Download or read book Wavelet Analysis written by Howard L. Resnikoff and published by Springer Science & Business Media. This book was released on 2012-12-06 with total page 446 pages. Available in PDF, EPUB and Kindle. Book excerpt: This text gives a clear introduction to the ideas and methods of wavelet analysis, making concepts understandable by relating them to methods in mathematics and engineering. It shows how to apply wavelet analysis to digital signal processing and presents a wide variety of applications.
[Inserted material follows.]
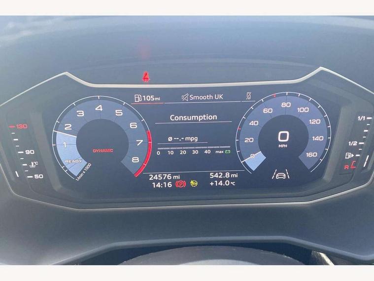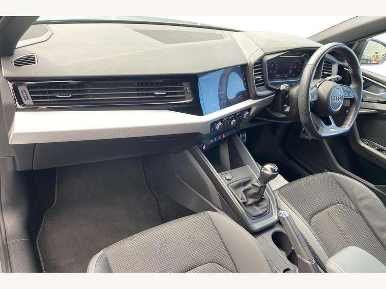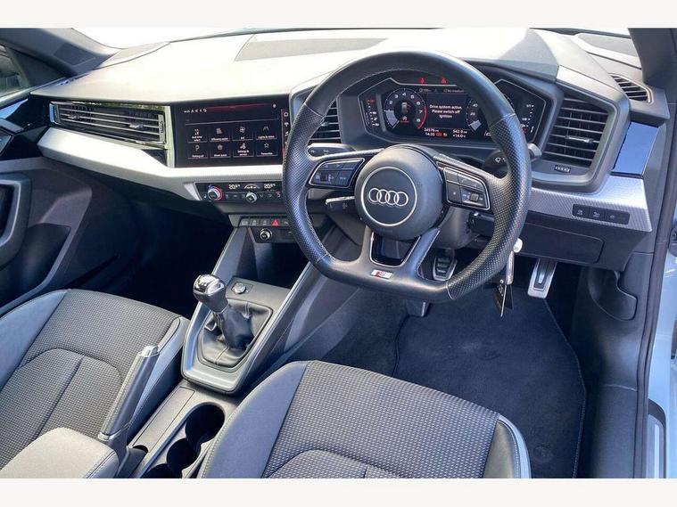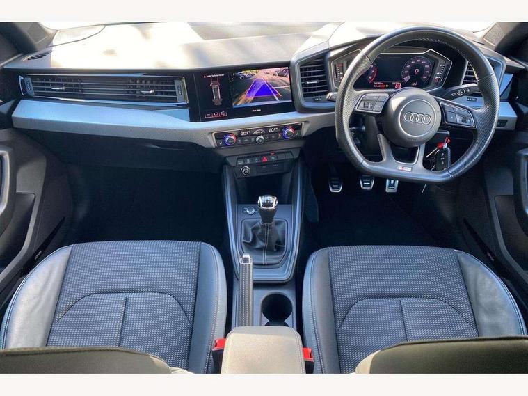 10.25" Digital instrument cluster display classis style instrument dials + speed, odometer, time, outside temperature, telephone menu + fuel level warning, Audi drive select - power steering assistance + engine, Audi smartphone interface with connect compatible smartphone via USB directly MMI display + Nav, music, third party apps controlled via MMI controller, Automatic start/stop system, Bluetooth interface, Cruise control, Driver's information system, Electromechanical power steering, Emergency e-call, Lane departure warning system, Rear parking sensor, Service interval indicator, Speed limiter, Voice control system, Washer fluid level indicator, Sports suspension, 2 x USB type C connection points, 6 passive loudspeakers, DAB Digital radio, MMI radio plus with 10.1" colour MMI display screen and MMI touch, Auto dimming rear view mirror, Black door mirrors, Black side skirts, Body coloured bumpers, Door sill trims with aluminium inlays and logo, Electric front and rear windows, Electrically adjustable, heated, folding door mirrors with integrated LED side indicator, Front wing badges, Heat insulating glass windscreen and side windows, Heated rear windscreen, High level LED brake light, LED headlights with LED rear lights + dynamic rear indicators + headlight adjustment and high beam, turning light + LED daytime running lights, Privacy glass, Rain and light sensors, Rear fog lights, Rear side wing doors, Rear wiper, Side front spoiler lips in grained matt black, 12V socket in centre console with two cup holders, 3 rear seats with headrests, 3 seat bench in 2nd row, 3 spoke flat bottomed multi-function plus leather steering wheel with S badging, grips in preforated leather and contrast stitching, 40:60 Split folding rear seat or folded fully, Black cloth headlining, Driver and passenger seat with manual height adjust with forward and backwards adjustment, Front and rear black floor mats with contrast stitching in fine silver, Front head restraints, Front passenger seat, Height and reach adjustable steering wheel, ISOFIX child seat mounting for front passenger and outer rear seats including top tether attachment point of outer rear seats, Leather gear knob with aluminium trim, Leatherette handbrake grip, Luggage compartment light with front and rear reading lights, Manual air conditioning, Manually adjustable lumbar support in front seats, Stainless steel pedals, Black styling pack - A1 Sportback Black Edition, LED interior lighting pack - A1, Luggage compartment pack - A1, 3x3 point rear seatbelts, Audi pre-sense front with pedestrain and cyclist recognition, Brake assist function, Driver and front passenger airbag with front side and head airbags, Electronic Stability Control including ABS, EBD, ASR and EDL, Front passenger airbag deactivation switch, Hill hold assist, Manual rear child locks, Seatbelt height adjustment for front seats, Seatbelt monitoring, Tyre pressure warning light, Warning triangle and first aid kit, Anti theft alarm, Anti theft wheel bolts and loose wheel warning, Immobiliser, Remote central locking with 2 foldaway keys, Aluminium trim for control switches, air vents and digital instrument cluster, Black dashboard, Silver grey inlays polygon structure in diamond paint finish, Structured grey accent areas including air vents, door handle recesses and centre console in quartz paint finish, 18" 7 spoke rotor design alloy wheels in gloss anthracite black, diamond cut finish,
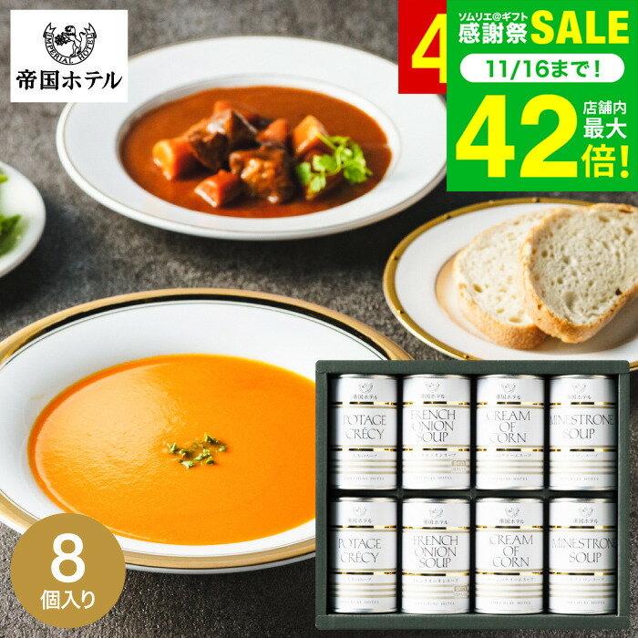 商品説明 世界中の賓客をもてなしてきた帝国ホテル伝統の味を丹精込めて仕上げた本格的な味わいのスープディナーセットです。帝国ホテルにて長年培った技術で作り上げた味わい豊かな野菜スープはどれも妥協のない至極の味わい。伝統の味をお手軽な缶タイプでご家庭にお届けします。 商品詳細 帝国ホテル スープ缶詰セット SPEC ●コーンのクリームスープ160g×2、フレンチオニオンスープ160g×2、ミネストロンスープ160g×2、ポタージュクレシー(人参のスープ)160g×2(すべて缶) ●箱... 4,320円 税込 送料込 カードOK レビュー11件 ソムリエ@ギフト ![]() | ||

Download or read book Wavelet Analysis And Applications written by Peter Roberts and published by New Age International. This book was released on 2007 with total page 180 pages. Available in PDF, EPUB and Kindle. Book excerpt: Wavelets And Related Functions Constitute A Most Recent Set Of Mathematical Tools, Impacting Many Branches Of Mathematical And Applied Sciences, Ranging From Approximation Theory And Harmonic Analysis To Signal Analysis And Image Compression.This Volume Includes Lectures Delivered At The Platinum Jubilee Workshop And Tenth Ramanujan Symposium, Pjwtrs-2003, On Wavelet Analysis, Conducted In March 2003. The Contents Cover A Variety Of Interesting Topics Like Wavelets As Approximation Tools, Connections With Filter Banks, The Bessel-Wavelet Transform, Relations With Partial Differential Equations Of Fluid Flow, Weyl Heisenberg Frames, Reconstruction Of Functions From Irregular Sampling And Various Applications, Particularly In Electrical Engineering. This Book Will Be Useful To Mathematicians, Computer And Electrical Engineers, Systems Analysts And Applied Scientists. The Level Can Be Graduate Engineer Or Post Graduate Student Of Mathematics.